Putting it in perspective
Two years have gone by since Daniel entered the ABA program and many things have changed. He can dress himself, he’s completely toilet-trained and he’s getting better at sitting at the table with the rest of the family. Academically, Daniel is much further ahead than his peers in reading, spelling and arithmetic skills. His general language skills are still lagging; he has approximately one hundred expressive words that he uses, but most of them tend to occur in the form of requests. His language level is that of a two-year-old, but he does progress in that area daily and is learning new words all the time. The Ryans firmly believe that if it weren’t for the program Daniel would still be a child without language.
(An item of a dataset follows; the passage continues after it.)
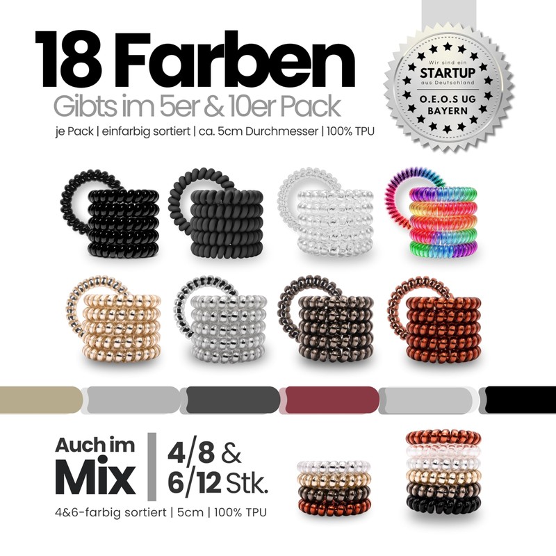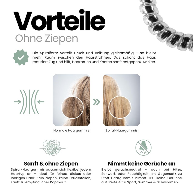 - Practical and versatile: suitable for all hair types. Easy to create hairstyles. Whether ponytail, bun or half-up style. Our spiral hair band keeps your hair discreetly and reliably together.

While Daniel has come considerably far in such a short time, there are others who might feel he hasn’t come far enough. The Ryans are hoping to place Daniel in a normal classroom for grade one this fall. A couple of months ago, Laurel was told by the director of the day-care Daniel attends that Daniel didn’t have enough control over emotions yet to integrate well into a structured classroom. This was very upsetting news for the Ryans. Having Daniel in grade one was one of the big goals they had been working toward for the past two years. It is a place, they feel, where Daniel can be more independent and mature.

“With Daniel, it is always behaviour,” says Laurel. “It’s not that he can’t learn skills or do the academic and cognitive tasks set before him, it’s whether or not he chooses to do them. Unfortunately, I think what initiated the director’s hesitancy was that Daniel was absent from the daycare for awhile and when he came back his routine was broken and we had to start all over again with Daniel’s tantrums that include kicking, screaming, biting, and pinching. This particular day-care director is very understanding so there isn’t a question of being uncooperative with us. There are three other autistic children at the day-care who are in similar programs to Daniel’s. They can talk, they can sit and play, and they don’t attack people.”

“It’s so heartbreaking,” adds Alan. “I went swimming with him the other night. We had a really good time at the pool and then stopped at the park and played there for awhile. It was almost ten o’clock and I told him that we had to go home and he threw himself down on the ground and had a major temper tantrum. He was kicking and screaming and I had a hard time getting close enough to him to put on his shoes. He had a bit of a break in his fit so I picked him up and sat him on the bench and bent down to put his shoes on and at that point he bit me really hard on the arm. So I picked him up and carried him home and all the while he’s biting me on the head. And all the while I’m thinking, ‘Oh, Daniel, we’ve had such a good time tonight and I’ve been so convinced that you’re doing better and that it’s easier to go out in public with you and I don’t have to worry so much about you attacking another child, and then you go and do this.’ ”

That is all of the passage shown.